Cuando Robbie entra en una espiral de comportamientos antisociales en la escuela, y la directora le exige a Theo que medique al niño, él acabará accediendo a someter a su hijo a una técnica experimental de estimulación cerebral. La técnica permite al paciente replicar determinados estados cerebrales a partir de la imagen de esos mismos estados en el cerebro de otro sujeto.

La vida y la personalidad de Robbie cambiarán radicalmente cuando mediante esta técnica sea expuesto a la imagen cerebral de Aly, su madre.

La novela plantea sibilinamente algunos de los dilemas de nuestro tiempo: ¿Cuán inminente es la catástrofe ambiental definitiva?¿Hace la evidente deriva populista de la política peligrar la propia democracia?¿Podrían las fuerzas conservadoras de nuestra sociedad desencadenar una contrarrevolución anticientífica?

Las respuestas del autor a estas preguntas parecen esbozar un porvenir nada halagüeño: Padre e hijo contemplan con estupor el retroceso definitivo de los bosques vírgenes, la irreversible pérdida de especies y la explosión de una pandemia de encefalopatía vírica en la cabaña ganadera mundial.

Entre tanto, el gobierno de Estados Unidos, liderado por un político megalómano, demagogo, populista y cretino agita el odio anti-intelectual contra la NASA y la comunidad científica mientras denuncia a cualquier opositor político como enemigo de la patria.

¿Es todo pesimista en esta historia? No. Ante la certeza de la sociedad quebrada, se recorta la silueta de la individualidad quijotesca de Robbie, un niño de 9 años, epítome del optimismo antropológico, del mito del buen salvaje de Rousseau.

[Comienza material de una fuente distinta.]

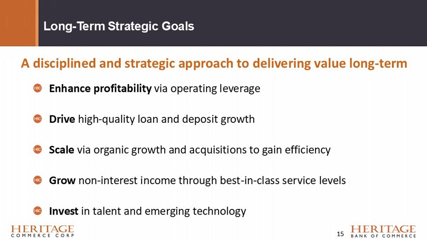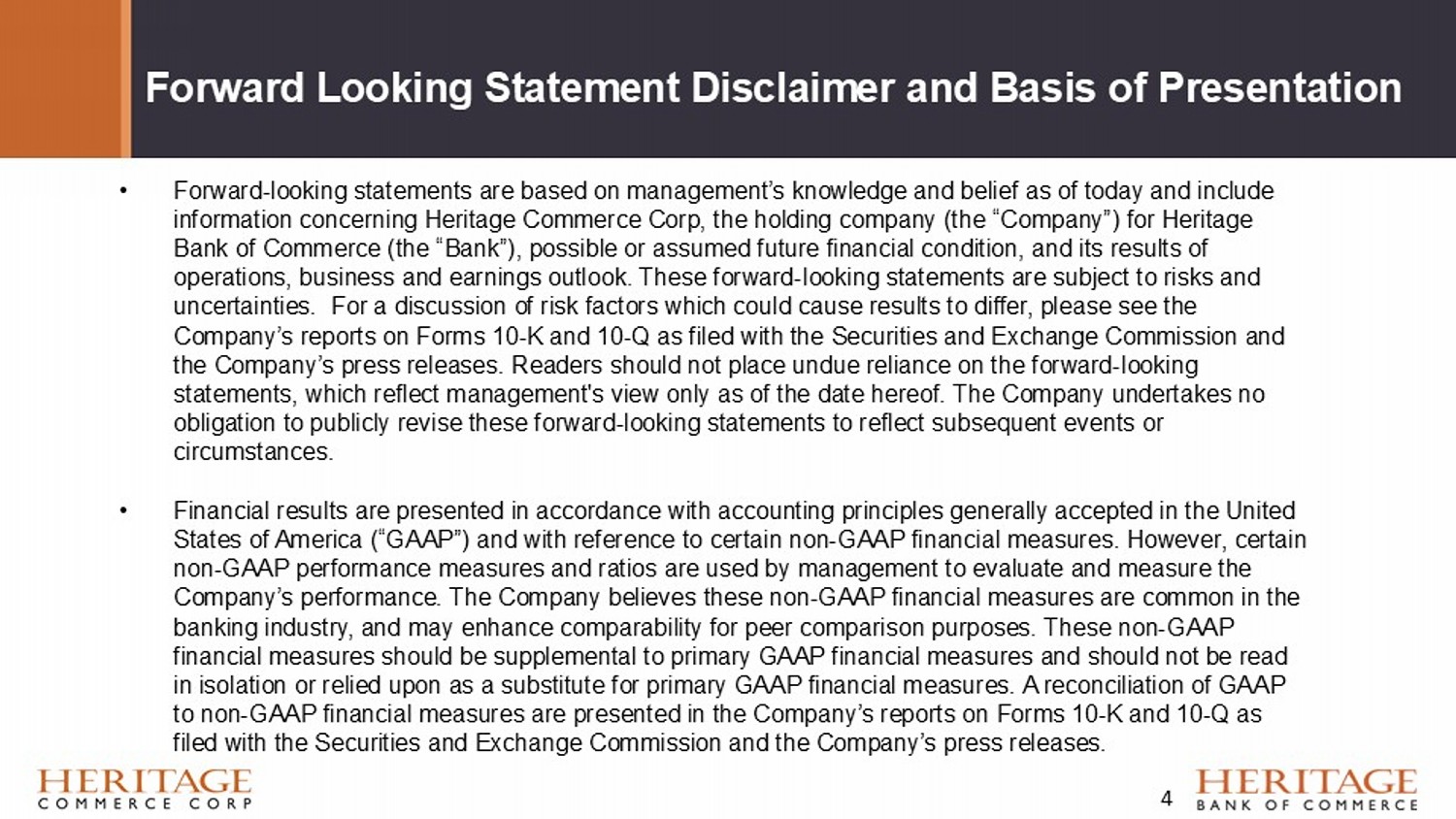 Forward Looking Statement Disclaimer and Basis of Presentation • Forward - looking statements are based on management’s knowledge and belief as of today and include information concerning Heritage Commerce Corp, the holding company (the “Company”) for Heritage Bank of Commerce (the “Bank”), possible or assumed future financial condition, and its results of operations, business and earnings outlook. These forward - looking statements are subject to risks and uncertainties. For a discussion of risk factors which could cause results to differ, please see the Company’s reports on Forms 10 - K and 10 - Q as filed with the Securities and Exchange Commission and the Company’s press releases. Readers should not place undue reliance on the forward - looking statements, which reflect management's view only as of the date hereof. The Company undertakes no obligation to publicly revise these forward - looking statements to reflect subsequent events or circumstances. • Financial results are presented in accordance with accounting principles generally accepted in the United States of America (“GAAP”) and with reference to certain non - GAAP financial measures. However, certain non - GAAP performance measures and ratios are used by management to evaluate and measure the Company’s performance. The Company believes these non - GAAP financial measures are common in the banking industry, and may enhance comparability for peer comparison purposes. These non - GAAP financial measures should be supplemental to primary GAAP financial measures and should not be read in isolation or relied upon as a substitute for primary GAAP financial measures. A reconciliation of GAAP to non - GAAP financial measures are presented in the Company’s reports on Forms 10 - K and 10 - Q as filed with the Securities and Exchange Commission and the Company’s press releases. 4
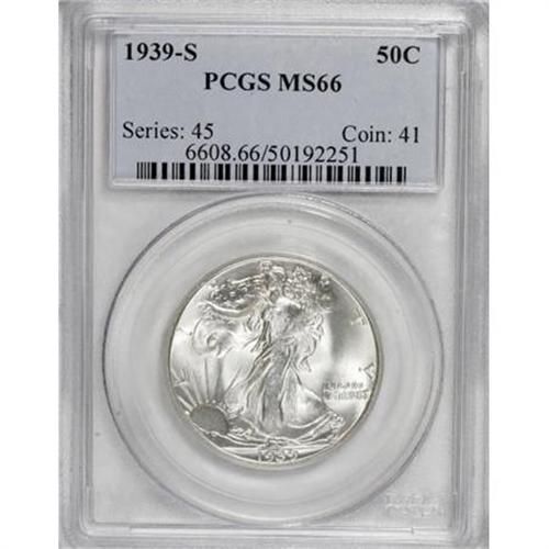 <B>1939-S 50C MS66 PCGS.</B></I> PCGS Population (809/91). NGC Census: (458/71). Mintage: 2,552,000. Numismedia Wsl. Price for NGC/PCGS coin in MS66: $525. (#6608)<BR><BR><B>Coin Engraver:</B> Adolph A. Weinman<BR><BR><b>Shipping:</b> Coins & Currency (<a target="_blank" href="http://www.heritageauctions.com/common/shipping.php">view shipping information</a>)
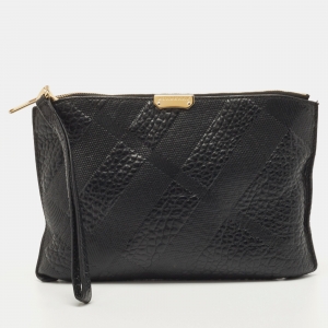 Burberry Black Nova Check PVC and Leather Zip Wristlet Clutch
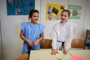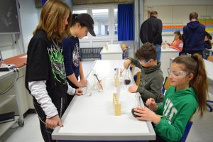 Von der chemischen Reaktion bis zu römischen Kostümen: Eine breite Palette an anschaulichen Einblicken in den Unterrichtsstoff bot das EKG am Erkundungstag. Die Schule erlebte einen Ansturm von Viertklässlern und ihren Eltern, aber auch ehemalige Schüler schauten vorbei. An diesem Nachmittag gab es für die Grundschüler viel zu erleben. Wer knackt die Pinata? Wer ist der Geschickteste beim Roller-Race? Wer hat die schönste römische Frisur? Das Fach Französisch lockte mit Crêpe, Physik mit selbstprogrammierten Lego-Robotern und Biologie mit einem Quiz. Die Schülersprecher und die Schulleiter waren die ganze Zeit damit beschäftigt, interessierte Kinder bzw. ihre Eltern durch das Schulhaus zu führen. Aber auch auf eigene Faust konnten die Gäste die gut ausgestatteten Fachräume und das breite Fächerangebot der Schule erkunden. Das Unterstufenorchester sorgte bei der Begrüßung für den richtigen Sound mit Melodien aus “Peer Gynt” und die Oberstufe bewirtete mit Kaffee und Kuchen.
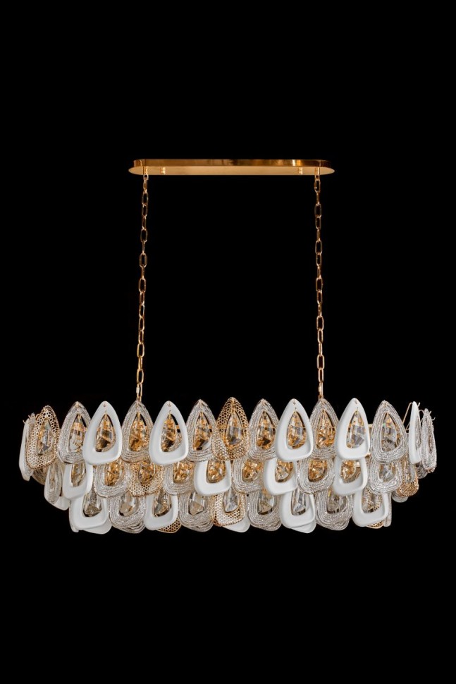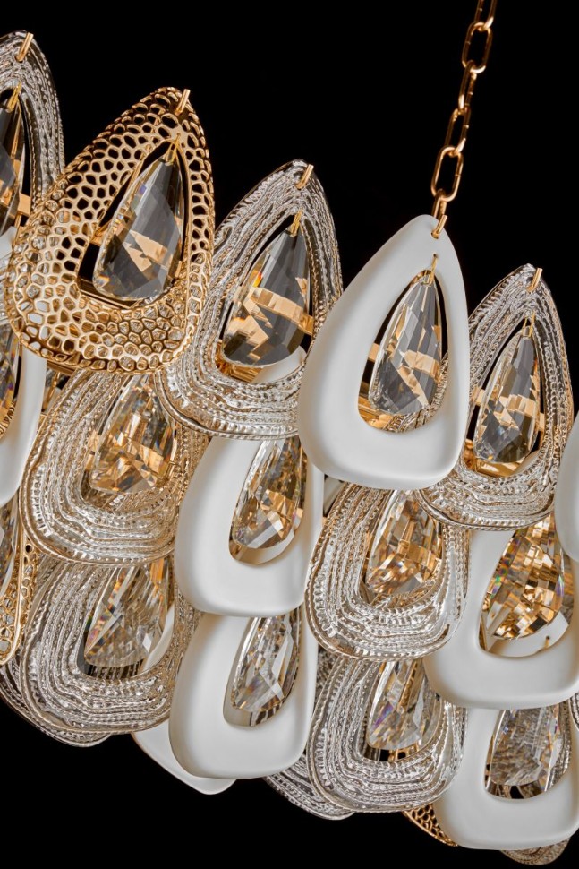 В переводе с итальянского название коллекции – «тонкость, изящество». Оно точно отражает утонченный характер дизайна светильников. Декоративные элементы плафонов выполнены в виде крупных капель из керамики и хрусталя высшего качества. Вместе они создают гармоничную элегантную композицию. Арматура светильников – из металла с гальваническим покрытием золотого цвета. Коллекция представлена люстрами различных размеров и форм и настенным светильником.

Con el mito del buen salvaje Jean Jaques Rousseau (1712-1778) quería mostrarnos que un hombre apegado a la naturaleza, un “hombre primitivo”, es bueno física y moralmente. Aunque está condenado a sucumbir bajo la superioridad militar de la civilización que lo eliminará o lo asimilará a sus costumbres inmorales. La obstinación de Theo por proteger a su hijo de la medicación, no deja de ser una actualización de aquella vieja idea rousseauniana del bon sauvage: preservemos la pureza natural del individuo ante el azote estandarizador de la sociedad. Entonces, ¿está nuestro mundo condenado?¿Nos queda alguna esperanza? ¿Debemos suspirar mientras vemos evaporarse en nuestros jóvenes el idealismo y la inocencia? Como hombre soy escéptico, si no cínico. Como padre, igual que Theo, un irredento idealista.